Will Osborne (November 25, 1905 – October 22, 1981) was a Canadian-born American bandleader, trombonist, and crooner.

Biography
Osborne started out playing the drums. He began his bandleading career in 1924. He began recording in 1929 with a light, crooning vocal style similar to Rudy Vallée's on Columbia Records. While Vallée was in Hollywood for the filming of The Vagabond Lover, Osborne took over for him at his Heigh-Ho Club. Soon after, both him and Will entered into a fierce rivalry with each other lasting multiple years.

In his book, The Big Bands, George T. Simon noted that the tenor of the times contributed to Osborne's early success: "Then in 1929 came the stock-market crash and the Depression. The high living and the tempos slowed down. The mood and the music of the country changed. The search for security, for sweetness and light, was reflected in the country's musical tastes — in its acceptance of crooners like Rudy Vallee and Will Osborne, and then Bing Crosby and Russ Columbo, in its preference for dance music that encouraged romance and sentiment and escape."

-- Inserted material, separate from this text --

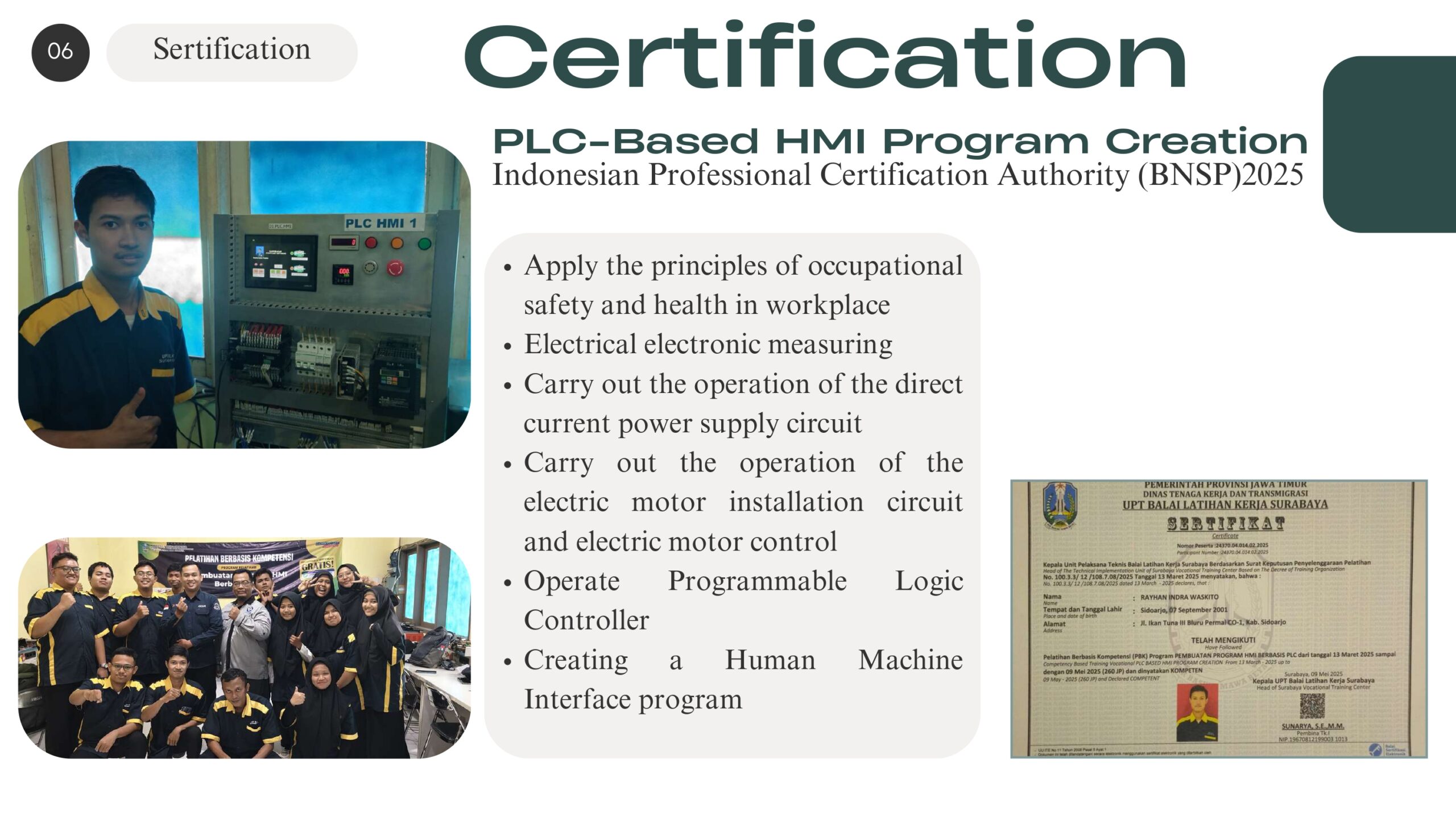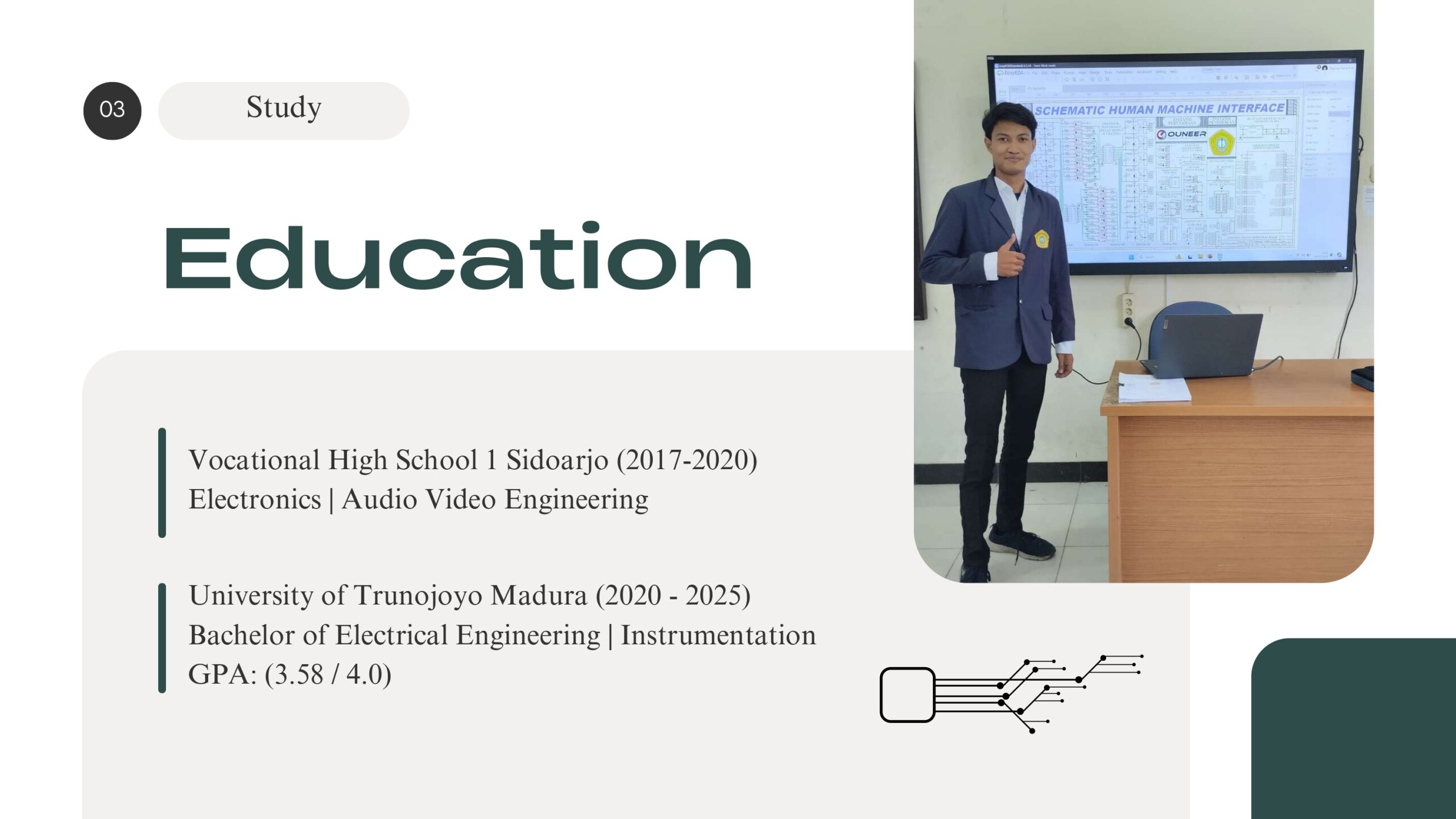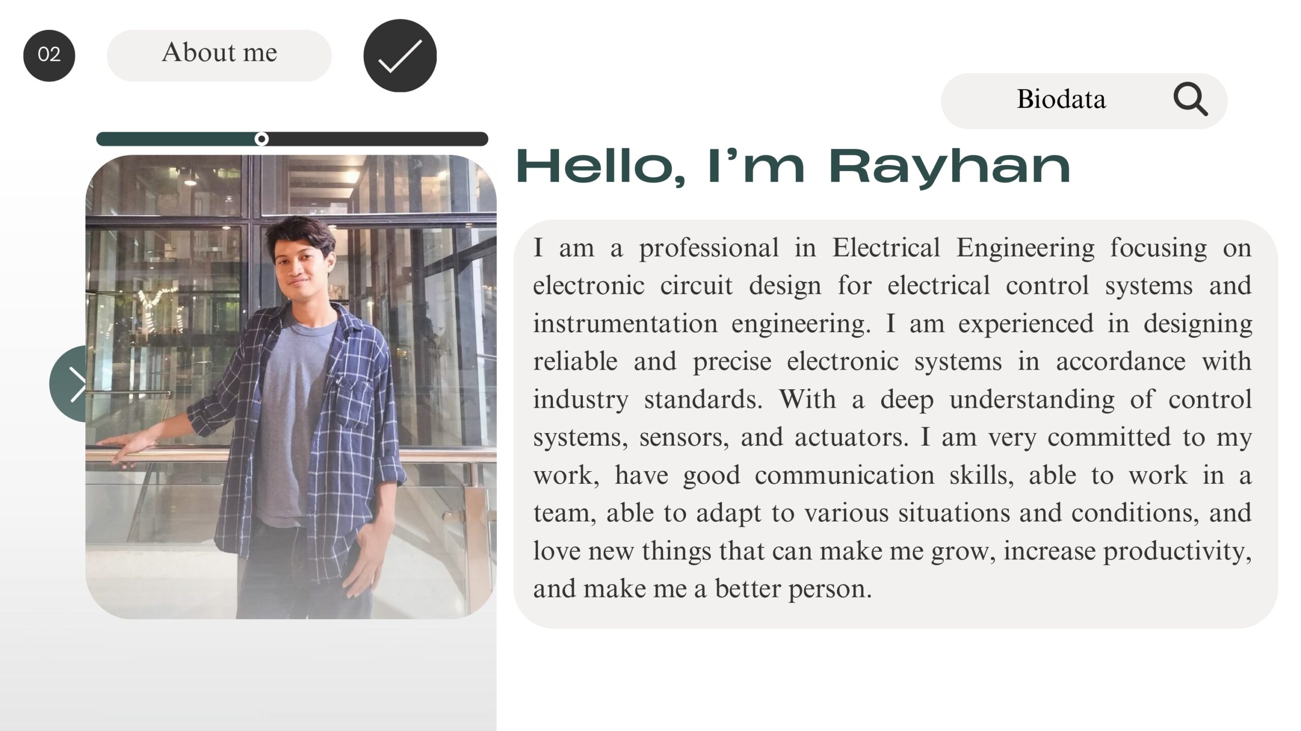 Saya Rayhan Indra Waskito, lulusan Sarjana Teknik Elektro dengan keahlian di bidang sistem kontrol, desain PCB & skematik, dan penguasaan PLC dan HMI. Saya memiliki pengalaman dalam proyek desain skematik PCB untuk sistem otomasi pada kapal patroli, pengalaman sebagai teknisi elektro lebih dari 1 tahun dan pengalaman mengajar teknik elektro di beberapa sekolah menengah di Sidoarjo, Indonesia. Saya memiliki tujuan karir di bidang teknik instrumentasi dan sistem kontrol. Dikenal sebagai pribadi yang cepat belajar, mudah beradaptasi di lingkungan baru, dan mampu bekerja secara individu maupun tim dengan disiplin yang tinggi.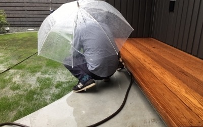 最後に透明の養生シートを丁寧に張り雨露・汚れなどから土台を守ります。

Simon described the band that Osborne formed in 1935 as "a stylized outfit that featured rich, deep-toned brass, emphasizing, of all things, slide trumpets plus glissing trombones blown through megaphones. This he would dub as "Slide Music"

He and his orchestra appeared in the 1946 Monogram musical comedy film Swing Parade of 1946.

A 1948 newspaper article reported that, at that time, "The band holds the all-time attendance record at Palomar Ballroom in Los Angeles."

The Band's theme song was The Gentleman Awaits.

Osborne later became one of the leaders of the orchestra for The Abbott and Costello Show.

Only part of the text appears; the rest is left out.